Whether going to change sharding mechanism to improve the thoughput?

What I want to do

『Dgraph colocates data per predicate (* P *, in RDF terminology), thus the smallest unit of data is one predicate. To shard the graph, one or many predicates are assigned to a group.』

i want to know whether has the plan which split Partitioning granularity to imporve the throughput of the dgraph cluster.

@chewxy @MichelDiz

See Hardik’s answer here Splitting predicates into multiple groups - #13 by eugaia

so is it supported at 2021 or not?
@MichelDiz

Not sure, but looks like it will take time.

hey @cangchen8180,

we’re pretty data-oriented in this company.

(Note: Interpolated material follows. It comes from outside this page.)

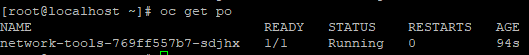 oc get pooc rsh <network-tools-pod>Use the short-name since you are in the same project

Do we have any evidence that throughput of data stored in one format is slower than another?

The main reason why the data is colocated by predicate is because edgelists are a well balanced data structure for the purposes of a graph database - it has a O(1) addition of nodes and edges, it has O(|E|) storage requirements and has a O(|E|/S) query time where S is the number of shards. Thus it can find nodes very quickly. And by that logic, if the data is colocated, then it fetches the data associated with a node quickly as well.

But if you have evidence that it would negatively impact throughput, then please share it. We would love to consider alternatives. But at Dgraph, data talks.

2 Likes